Progress Update on Turkish ASR Fine-Tuning
I am now getting 9–20% WER scores by unfreezing the audio encoder. Initially, I experimented with various approaches such as selectively unfreezing only audio-related layers, separating speech LoRA, and storing speech LoRA independently after fine-tuning. However, I still observed some unintended unfreezing of vision-related layers.
After further experimentation, I simplified the approach by unfreezing all relevant layers (see this list) and increasing the learning rate to enhance ASR performance.
For detailed benchmark results, please refer to the results page and explore the finetuning Colab notebook.
@ysdede This is awesome! Thank you for sharing the Turkish finetuning recipe and notebook with the community.
I also see other very cool finetuned models for Korean language tasks from
@junnei
https://huggingface.co/junnei/Phi-4-multimodal-instruct-ko-asr and
@daekeun-ml
https://huggingface.co/daekeun-ml/Phi-4-multimodal-finetune-ko-speech
@thusinh1969 We do not release base language model, therefore continual pre-training will be a challenge for Vietnamese. Phi-4-mini pretraining data does contain some Vietnamese, so I would suggest to run SFT training on Vietnamese with lots of high quality data.
I am interested in teaching the model a new language (Icelandic, somewhat related to Swedish, Danish and Norwegian which it has been trained on) and then fine-tune it for ASR in that language.
You
@nguyenbh
mention that SFT would be a better approach than continued pertaining for Vietnamese. Does the same hold for Icelandic? Furthermore, how do you suggest that the SFT prompt be structured?
The plan is to add a new LoRA for the Icelandic capability on the LM and then use it and add a new LoRA for the ASR training (or perhaps only the already defined audio LoRA). It also sounds that it might be a good idea to train the audio encoder as well, but hopefully that won't be needed.
I think this is a great model and I rather not ruin it by fully fine-tuning all parameters and throw it way off with the SFT so thoughts are welcome.
@haukurpj
Thank you for your interest in Phi-4-multimodal.
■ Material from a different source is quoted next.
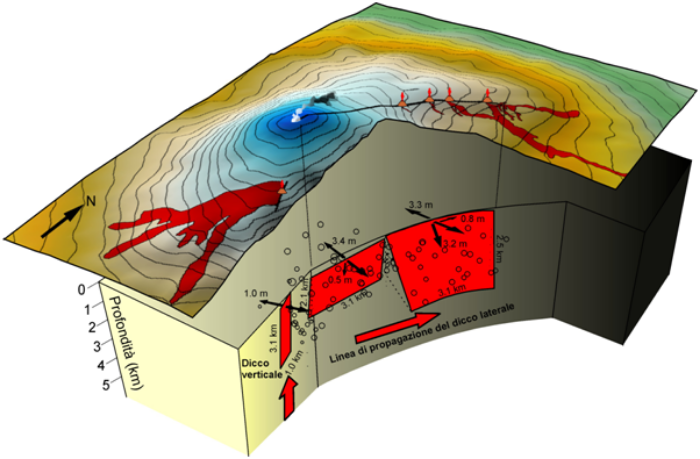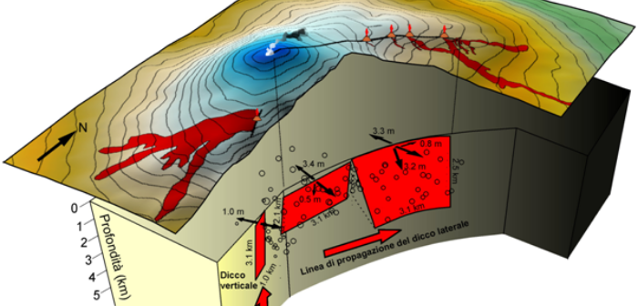 “Il magma”, spiega Alessandro Bonaccorso, dirigente di ricerca INGV, “viene trasportato nella crosta tramite intrusioni, anche note come dicchi, che nella loro risalita fendono le rocce incassanti sino a raggiungere la superficie terrestre, per dare vita alle eruzioni. La propagazione dei dicchi provoca non solo deformazioni, ma anche notevole rilascio sismico, entrambi misurabili attraverso le reti geofisiche di monitoraggio permanente”.

This is a single model with 3 modalities. The languages that each modal supports are the following:
- Text: Arabic, Chinese, Czech, Danish, Dutch, English, Finnish, French, German, Hebrew, Hungarian, Italian, Japanese, Korean, Norwegian, Polish, Portuguese, Russian, Spanish, Swedish, Thai, Turkish, Ukrainian
- Vision: English
- Audio: English, Chinese, German, French, Italian, Japanese, Spanish, Portuguese
So the good news on Text is the model does support Danish, Swedish, Norwegian. Also the model has 200K vocab, therefore, I think it may work if you extend to Icelandic with SFT. TBH, I do not know the quality. I can see one of the challenges will be the model ends up to fluence on Icelandic but hallucinate a lot since the pretrain data does not contain much Icelandic.
For Audio, we can see example of extending to Korean and Turkish in this community. A writeup contribute by the community here
For Vision, it will be harder to support more languages, in general.
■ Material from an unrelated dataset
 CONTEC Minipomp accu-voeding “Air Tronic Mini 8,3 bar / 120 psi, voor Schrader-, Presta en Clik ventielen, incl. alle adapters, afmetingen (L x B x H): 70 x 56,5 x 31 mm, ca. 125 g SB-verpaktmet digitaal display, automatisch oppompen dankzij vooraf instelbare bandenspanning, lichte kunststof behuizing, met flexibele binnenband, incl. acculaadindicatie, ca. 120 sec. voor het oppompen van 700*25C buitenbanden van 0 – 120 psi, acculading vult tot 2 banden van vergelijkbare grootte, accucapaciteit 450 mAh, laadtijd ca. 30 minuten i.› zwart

Having said that, I would give it a try for Icelandic on both LoRA and full finetuning, given that the text had been trained with Danish, Swedish, and Norwegian.
@nguyenbh , I was just wondering if you could suggest on how to get the bounding box information of any VAQ. So far I experimented with this model, I didn't find as such thing. In case if I want to train/finetune with some custom dataset with bounding box, will it be even possible? Looking forward. I am interested in Vision part only.
Thanks for your interest. Unfortunately Phi-4-MM does not support visual bounding boxes. There is no plan to officially support it in the near future. For vision-centric tasks, you might want to checkout Florence-2.
I am interested in finetuning Phi-4-MM for a specific ASR task and would like to make it work on audio streams. Do you have any suggestions on how to adapt the model or pipeline for realtime ASR?